Disk space skew	Less than 15%	Severe skew occurs during operator computing or data spill to the disk. The workloads will be unevenly distributed on DNs, resulting in high disk usage on a single DN and affecting performance.	Check and handle table skew by referring to Table Diagnosis.	20%	Disk skew causes CPU, I/O, and memory skew, which affects the overall cluster performance and may cause the disk of a single DN to be full.	Handle table skew by referring to Table Diagnosis.

GaussDB(DWS) Performance Management Scenarios and Suggestions

This section introduces common performance management scenarios and offers suggestions. During service rollout and routine O&M, you need to thoroughly assess the performance capacity to avoid overloading the cluster.

**Table 2** Performance management scenarios
Scenario	Performance Risk	Evaluation Method	Suggestion
New cluster rollout	The performance and capacity of the new cluster are uncertain before the service rollout, and there is a possibility that they may not meet the requirements.	Before launching the service, conduct a pressure test on the cluster. Both the new and old clusters should be operational for at least one service period. It is necessary to thoroughly test key services and links for performance metrics such as QPS, latency, maximum concurrency, and maximum response time. This will ensure a comprehensive evaluation of the performance and capacity of the new cluster.	Implement dynamic resource management and allocate service resource pools accordingly by referring to GaussDB(DWS) Resource Load Management. Configure exception rules in advance and configure circuit breaker parameters.
New service rollout	Resource preemption may arise, impacting existing services in the cluster. If new services are executed concurrently and consume resources improperly, it can result in resource overload and a decline in overall performance.	Conduct a thorough test on the new service in a test environment. Based on the test results, estimate the CPU usage, execution time, and number of concurrent services. Analyze the execution plan for the new services to ensure optimal performance.	Roll out a cluster only when the cluster's performance capacity is sufficient. Isolate new services with resource pools.
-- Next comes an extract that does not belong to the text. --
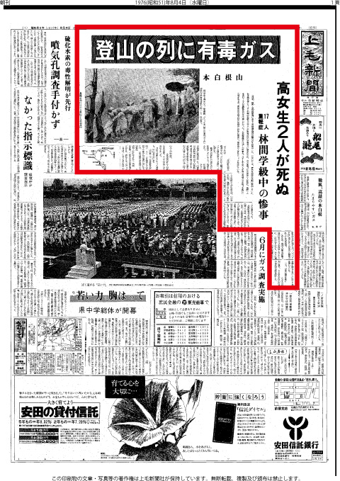 本白根高女生2人死亡 1976(昭和51)年8月4日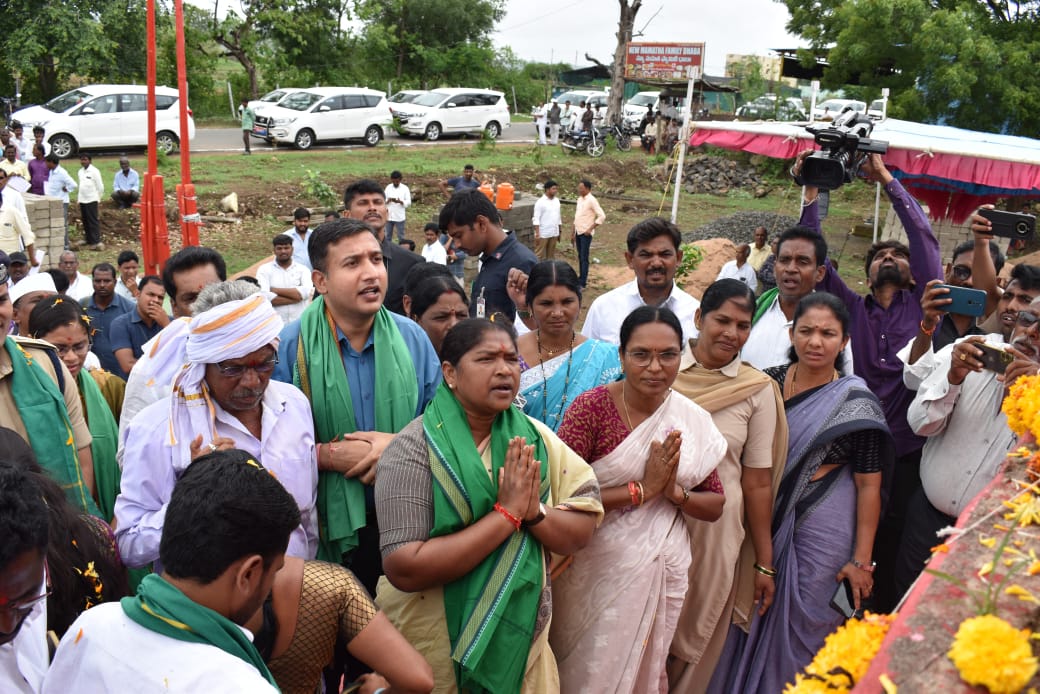 అమరవీరుల స్థూపం చుట్టూ ప్రహరీ గోడ నిర్మాణ పనులకు భూమి పూజ చేసిన ఇంచార్జీ మంత్రి సీతక్క

Configure circuit breakers appropriately according to the test results and produce a rollback solution to swiftly revert services in the event of a fault.
Flexible query performance management	There are different types of SQL statements that offer flexibility in querying, but their execution efficiency and resource consumption can vary significantly. In extreme cases, a slow SQL statement can negatively impact the performance of the entire cluster.	To address this, you can gather statistics on CPU usage, memory usage, execution time, and the number of concurrent queries. For details, see Real-Time Queries.	For users who frequently use flexible queries, allocate them to separate resource pools that are independent of other services. This allows for better CPU and memory resource management. To promptly handle slow SQL statements, configure exception rules and circuit breakers. Remember to follow the Liebig's Law of the Minimum when granting permissions to these users. The administrator account should not be used as the primary account for flexible queries.
Inventory business increase	As services grow and more data is generated, the cluster's resource usage increases. If the cluster resources are not managed promptly, there may be a risk of overload.	Collect statistics on various metrics like dirty data, skew rate, ANALYZE time, number of partitions, and resource consumption of inventory services on a regular basis.	Inspect the cluster weekly, clearing dirty data from tables with a high dirty page rate, and performing ANALYZE on tables that have not had their statistics collected in a timely manner.